Switch to side-by-side view

--- a
+++ b/R/generator_lm.R
@@ -0,0 +1,215 @@
+#' Language model generator for fasta/fastq files
+#'
+#' @description Iterates over folder containing fasta/fastq files and produces encoding of predictor sequences
+#' and target variables. Will take a sequence of fixed size and use some part of sequence as input and other part as target. 
+#'
+#' @inheritParams train_model
+#' @param path_corpus Input directory where fasta files are located or path to single file ending with fasta or fastq
+#' (as specified in format argument). Can also be a list of directories and/or files.
+#' @param format File format, either `"fasta"` or `"fastq"`.
+#' @param batch_size Number of samples in one batch.
+#' @param maxlen Length of predictor sequence.
+#' @param max_iter Stop after `max_iter` number of iterations failed to produce a new batch.
+#' @param shuffle_file_order Logical, whether to go through files randomly or sequentially.
+#' @param step How often to take a sample.
+#' @param seed Sets seed for `set.seed` function for reproducible results.
+#' @param shuffle_input Whether to shuffle entries in every fasta/fastq file before extracting samples.
+#' @param verbose Whether to show messages.
+#' @param path_file_log Write name of files to csv file if path is specified.
+#' @param reverse_complement Boolean, for every new file decide randomly to use original data or its reverse complement.
+#' @param ambiguous_nuc How to handle nucleotides outside vocabulary, either `"zero"`, `"discard"`, `"empirical"` or `"equal"`.
+#' \itemize{
+#' \item If `"zero"`, input gets encoded as zero vector.
+#' \item If `"equal"`, input is repetition of `1/length(vocabulary)`.

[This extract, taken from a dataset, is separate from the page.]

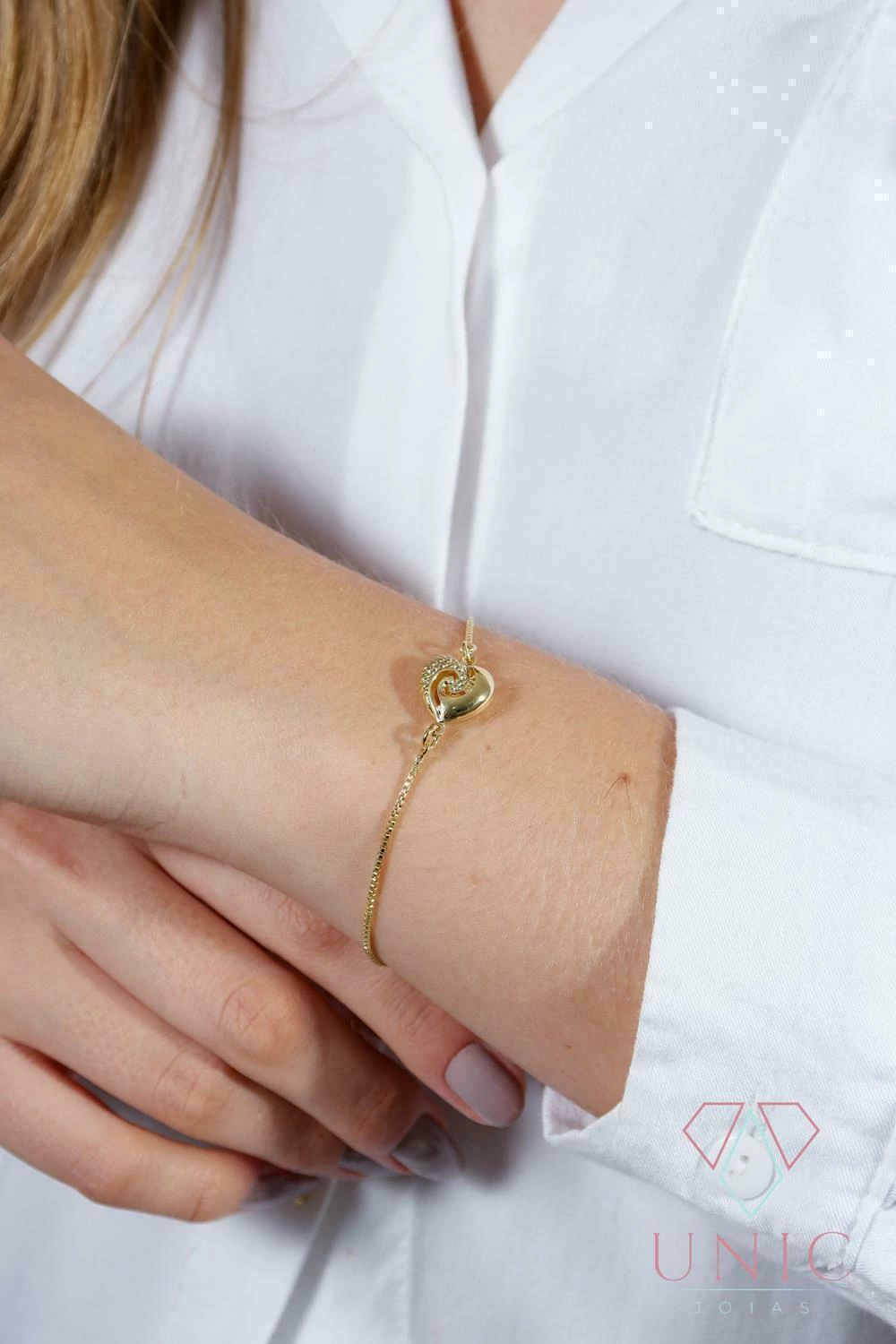 A pulseira June tem um banho de ouro e um design delicado com uma correntinha fina e um coração centralizado. O coração é detalhado com um lindo design que adiciona um toque de elegância e sofisticação à peça. A pulseira é uma excelente opção para quem busca uma joia romântica e delicada para complementar looks casuais e formais.

+#' \item If `"discard"`, samples containing nucleotides outside vocabulary get discarded.
+#' \item If `"empirical"`, use nucleotide distribution of current file.
+#' }
+#' @param proportion_per_seq Numerical value between 0 and 1. Proportion of sequence to take samples from (use random subsequence).
+#' @param use_quality_score Whether to use fastq quality scores. If TRUE input is not one-hot-encoding but corresponds to probabilities.
+#' For example (0.97, 0.01, 0.01, 0.01) instead of (1, 0, 0, 0).
+#' @param padding Whether to pad sequences too short for one sample with zeros.
+#' @param added_label_path Path to file with additional input labels. Should be a csv file with one column named "file". Other columns should correspond to labels.
+#' @param add_input_as_seq Boolean vector specifying for each entry in \code{added_label_path} if rows from csv should be encoded as a sequence or used directly.
+#' If a row in your csv file is a sequence this should be `TRUE`. For example you may want to add another sequence, say ACCGT. Then this would correspond to 1,2,2,3,4 in
+#' csv file (if vocabulary = c("A", "C", "G", "T")).  If \code{add_input_as_seq} is `TRUE`, 12234 gets one-hot encoded, so added input is a 3D tensor.  If \code{add_input_as_seq} is
+#' `FALSE` this will feed network just raw data (a 2D tensor).
+#' @param skip_amb_nuc Threshold of ambiguous nucleotides to accept in fasta entry. Complete entry will get discarded otherwise.
+#' @param max_samples Maximum number of samples to use from one file. If not `NULL` and file has more than \code{max_samples} samples, will randomly choose a
+#' subset of \code{max_samples} samples.
+#' @param concat_seq Character string or `NULL`. If not `NULL` all entries from file get concatenated to one sequence with `concat_seq` string between them.
+#' Example: If 1.entry AACC, 2. entry TTTG and `concat_seq = "ZZZ"` this becomes AACCZZZTTTG.
+#' @param target_len Number of nucleotides to predict at once for language model.
+#' @param file_filter Vector of file names to use from path_corpus.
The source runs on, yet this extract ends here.